Dropping multiple columns with tidyeval (not so painful)

I've read Tidyeval: Dropping a column using Select( ) within a function? but I'm interested in dropping multiple columns.

My problem with the approach in SO: Remove columns the tidyeval way is that passing and manipulating parameters as strings is not really what tidy eval is about. I want to manipulate lists of symbols directly.

Let's assume we've loaded the right stuff and want to drop columns in a table programmatically (i.e., by reference).

library(rlang)
library(dplyr)

Referring to a single quoted variable is easy once you get your head around it.

grpdim <- quo(Sepal.Length)
iris %>% select(!!grpdim) # keeps Sepal.Length

And for reasons I don't entirely understand select() will accept the negation of a single quosure:

iris %>% select(-!!grpdim) # drops Sepal.Length

Now suppose we have a list of variables.
I think the idiomatic way to store these would be a list of quosures. I do this often now to avoid duplicating lists of grouping variables. And it's straightforward to select() columns by unquoting this list.

grpdims <- quos(Species, Sepal.Length)
iris %>% select(!!!grpdims) # keeps Species, Sepal.Length

But the negation does not work as expected.

iris %>% select(-!!!grpdims) # keeps Petal.Width (?!)

I found a syntax that gives the desired result but it's quite nasty.

iris %>% select(!!!lapply(lapply(grpdims, quo_expr), function(x) quo(-!!x)))

To understand what's happening here look at these partial results and then please suggest something better.

lapply(grpdims, quo_expr) # a list of bare names
lapply(lapply(grpdims, quo_expr), function(x) quo(-!!x)) # a list of negated quosures
1 Like

Fwiw, this works: select(iris, -c(!!!grpdims))

Maybe the reasoning for c(!!!v) is similar to why one does list(...) inside a function.

4 Likes

Brilliant! I feel like I need to change the title from "painful" to "not obvious to me".

The next version has full support of character vectors so this will work:

vars <- c("cyl", "am")
select(mtcars, - !! vars)

In fact the following would also work:

select(mtcars -vars)

Except when the data frame has a vars columns, which is why it's preferable to unquote it early.

Edit: Forgot to add that only selecting functions will support character vectors this way. For other kinds of functions that would be ambiguous because strings are valid input, e.g. mutate(mtcars, "foo") creates a new column by recycling "foo". Because of this ambiguity you need to unquote expressions in the general case.

5 Likes

I guess I'm confused about the general approach one should take to handling lists of variables. I've been moving towards quos(var1, var2) rather than c("var1", "var2"). Is that still the preferred approach?

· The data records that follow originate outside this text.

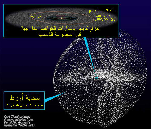 Note: See the version numbered to create or enhance one translation. If you can, help make this description accessible to all by translating it into other languages. – Thanks!
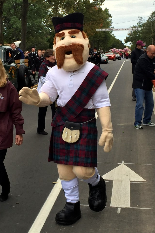 Scotty, the mascot of Alma College (Alma, Michigan).
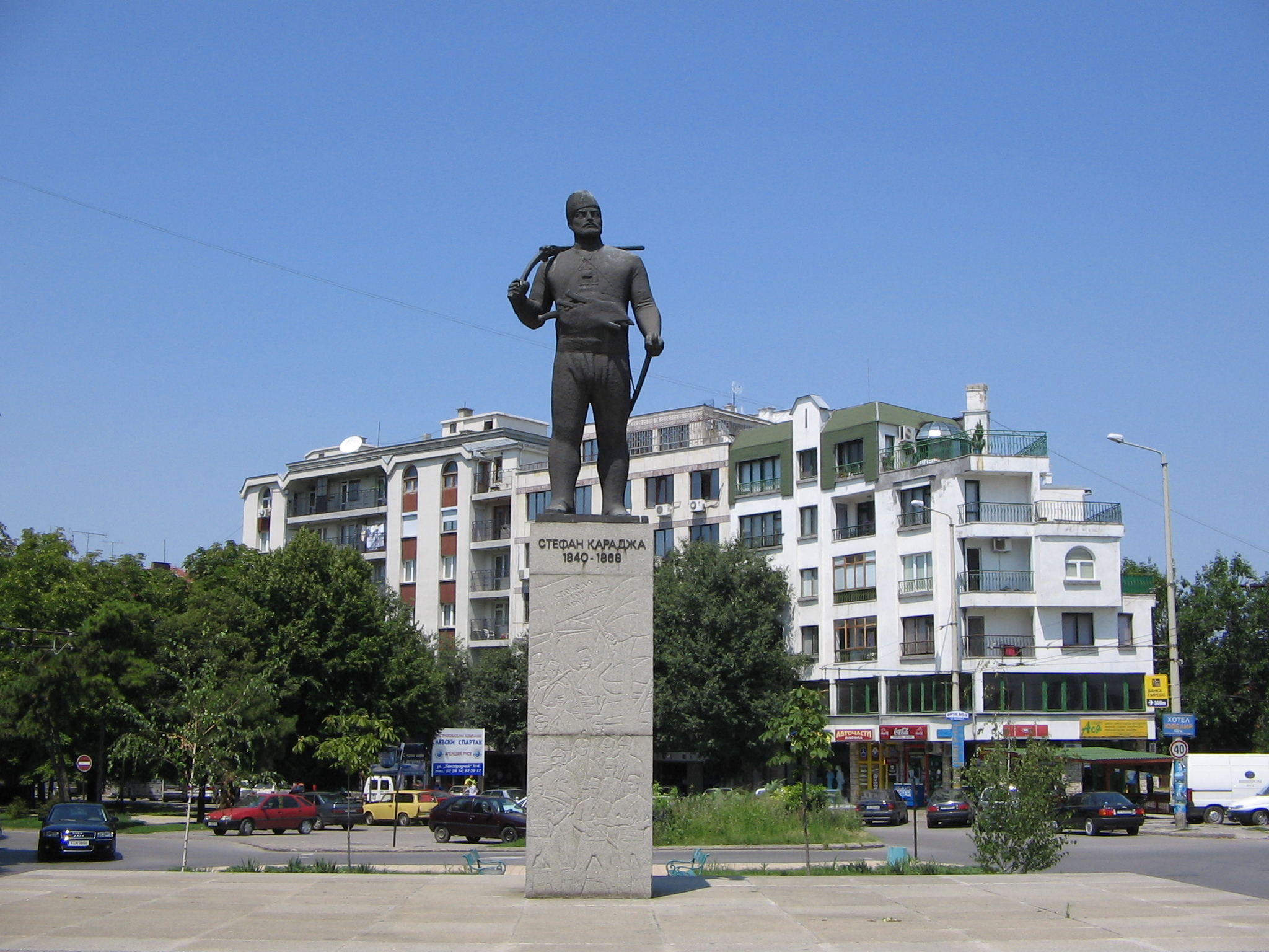 Monument of Stefan Karadja in Rousse, Bulgaria.
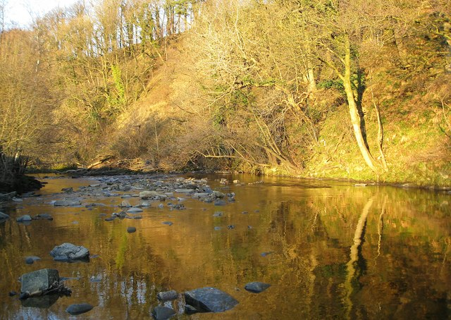 Reflections on the River Hindburn The slow moving pools provide an opportunity to mirror the reflections of the trees.
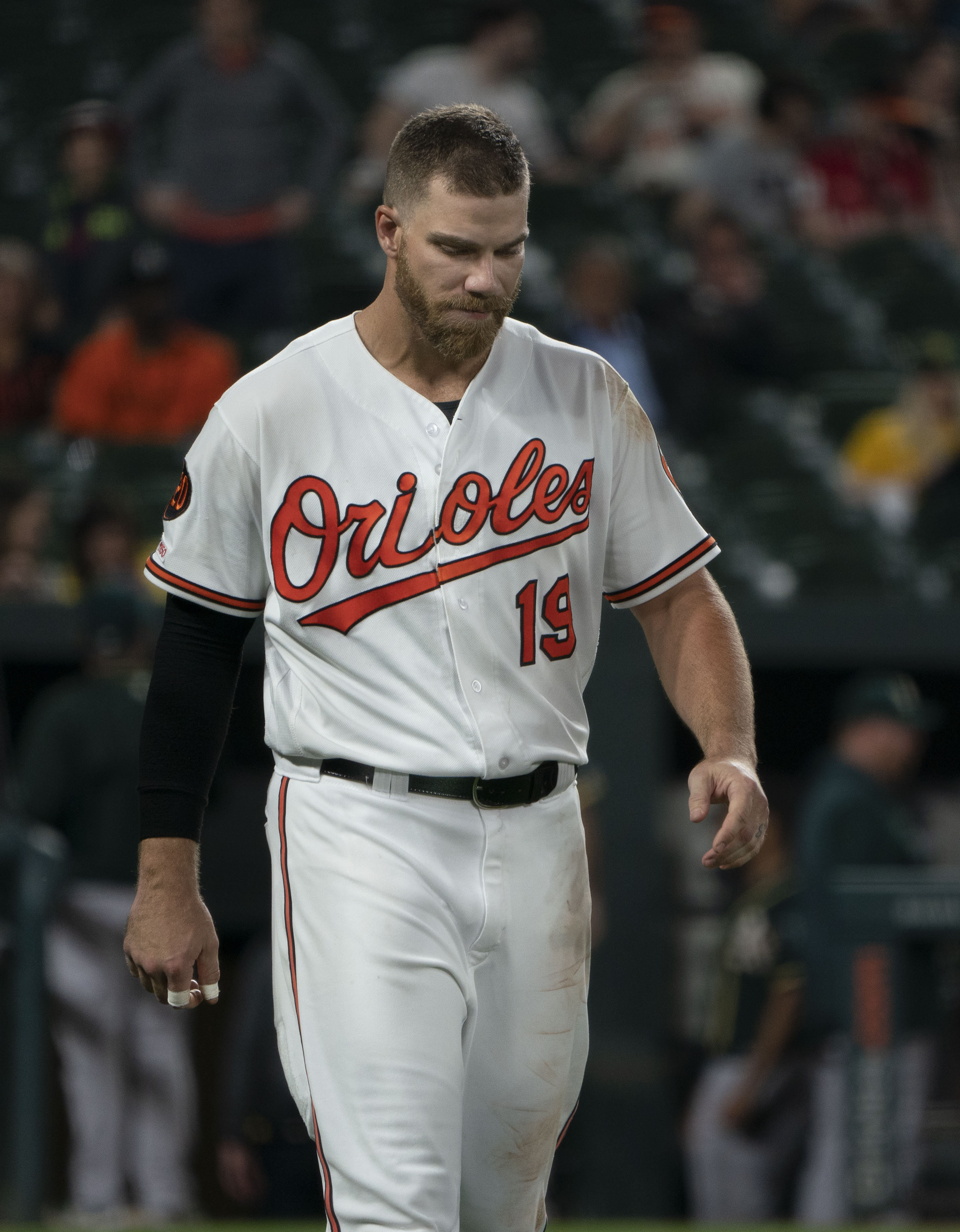 Athletics at Orioles 4/8/19
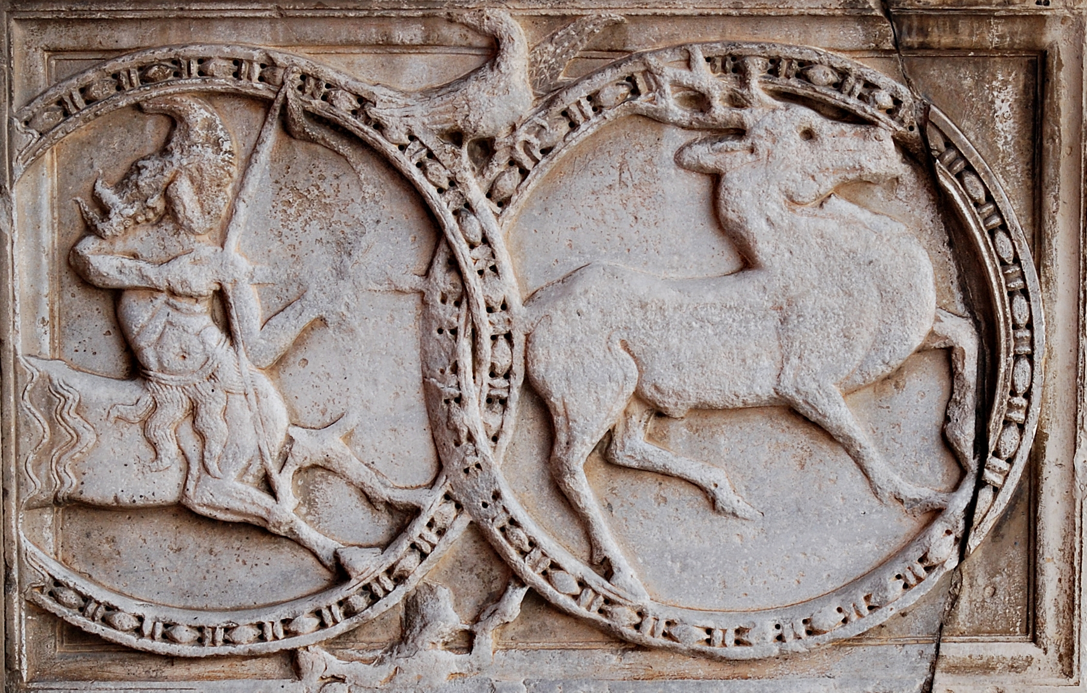 Detail of portal, Saint-Gilles-du-Gard
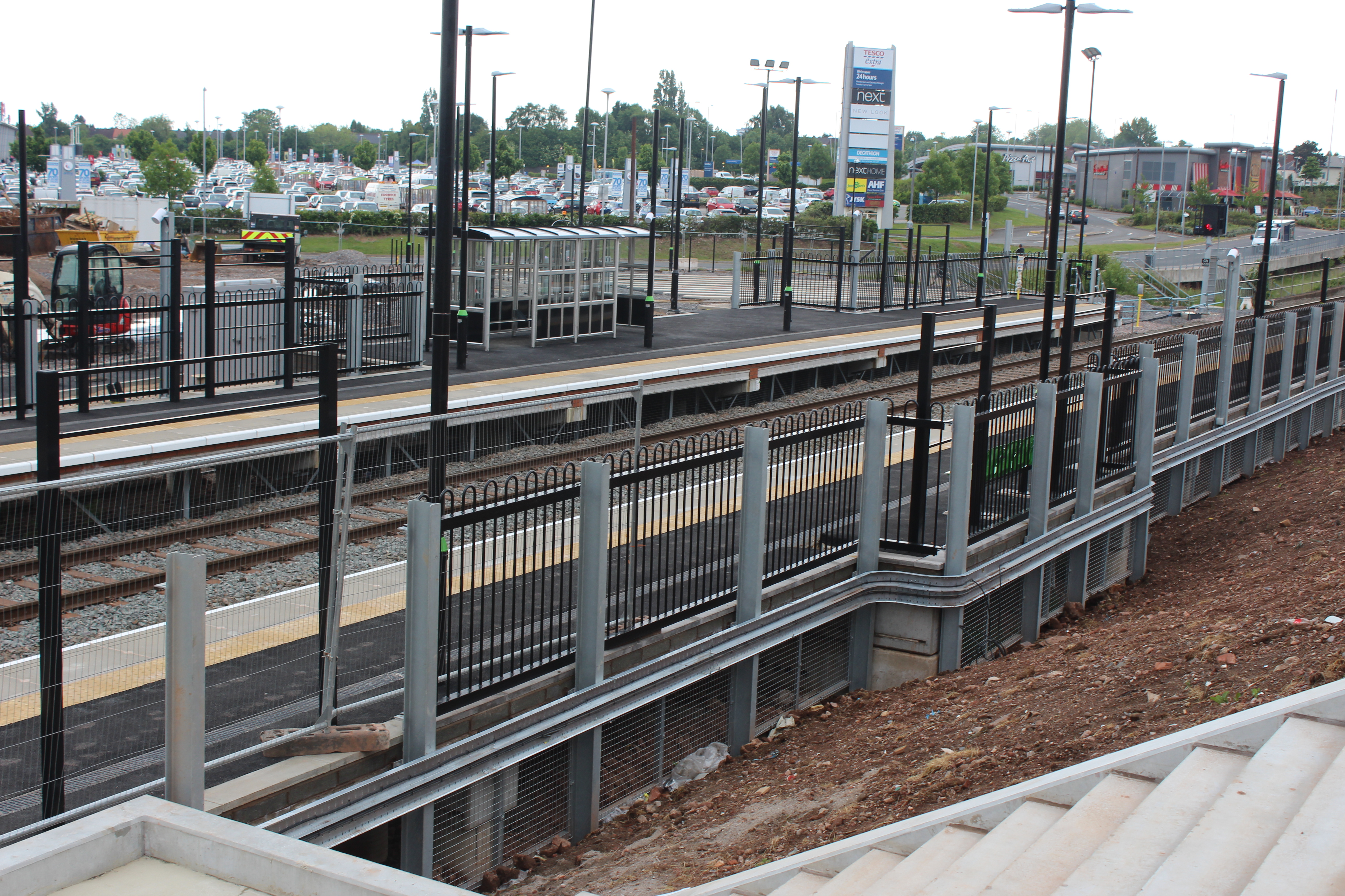 Coventry Arena railway station, Coventry, West Midlands, England.Nearing completion of construction.
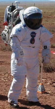 ILC Dover's I-Suit during field testing at the 2004 NASA Desert Research and Technology Studies (D-RATS).

Yes it is fine to create expressions containing column names, this is the approach that will work most generally. The support for character vectors in select() is for convenience.

Frank's answer is perfectly valid. Here's the output when we wrap it with expr() to examine the expansion:

vars <- syms(c("a", "b", "c"))
expr(-c(!!! vars))
#> -c(a, b, c)

Got it. Just to document here, when I start with quosures rather than strings the expression I pass looks like this.

qars <- quos(a, b, c)
expr(-c(!!! qars))
#> -c(~a, ~b, ~c)

Right, here are the three possibilities:

# Strings
expr(-c(!!! c("a", "b", "c")))
#> -c("a", "b", "c")

# Quoted symbols
expr(-c(!!! syms(c("a", "b", "c"))))
#> -c(a, b, c)

# Quosured symbols
expr(-c(!!! quos(a, b, c)))
#> -c(~a, ~b, ~c)

It is not necessary to wrap symbols in quosures if you're only referring to data frame columns, which would most likely be the case with select(). The only added value of the quosure is that it carries information about the context where it was created so that you can refer to local variables.

1 Like

I've been using quosured symbols to avoid all the quotation marks.

Is there a forth version where we delay evaluation of the symbols but don't bother capturing the context?
My first attempt crashes R.

# Bare expression
expr(-c(!!! expression(a, b, c))) # crashes R

ohh that's not good! I'll fix that, thanks.

expression() is a base function that creates objects of a very peculiar type that are no longer put to any real use except as the return value of base::parse(). It is a bit confusing but when we mention expression we pretty much never mean that particular type, we mean either symbols or calls.

To capture a list of raw expressions you can use the plural version of expr():

expr(-c(!!! exprs(a, b, c)))
#> -c(a, b, c)

It also supports unquoting:

exprs(
  !! 10 + 1,
  !!! letters[1:3]
)
#> [[1]]
#> 11
#>
#> [[2]]
#> [1] "a"
#>
#> [[3]]
#> [1] "b"
#>
#> [[4]]
#> [1] "c"
1 Like